Task
The required answer is an exact copy of the lines from the one containing "Выпечка на тарелке с овощами" to the end of the listing, both included, without any pictures.

Supplied data
○ ○ ○ ○ ○ ○ ○
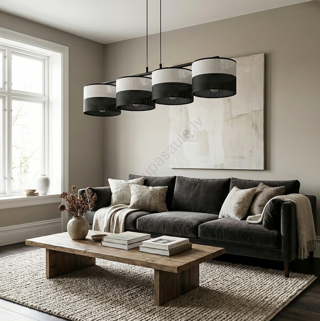 • Lustra uz troses KARBON 4xE27/15W/230V melna/pelēka
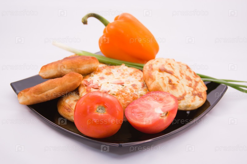 Выпечка на тарелке с овощами
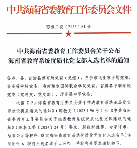 近日,汽车学院学生党支部凭借卓越表现脱颖而出,成功入选海南省教育系统优质化党支部名单,成为全省高校党建工作的优秀典范。
○ ○ ○ ○ ○ ○ ○
Answer to the problem
 Выпечка на тарелке с овощами
 近日,汽车学院学生党支部凭借卓越表现脱颖而出,成功入选海南省教育系统优质化党支部名单,成为全省高校党建工作的优秀典范。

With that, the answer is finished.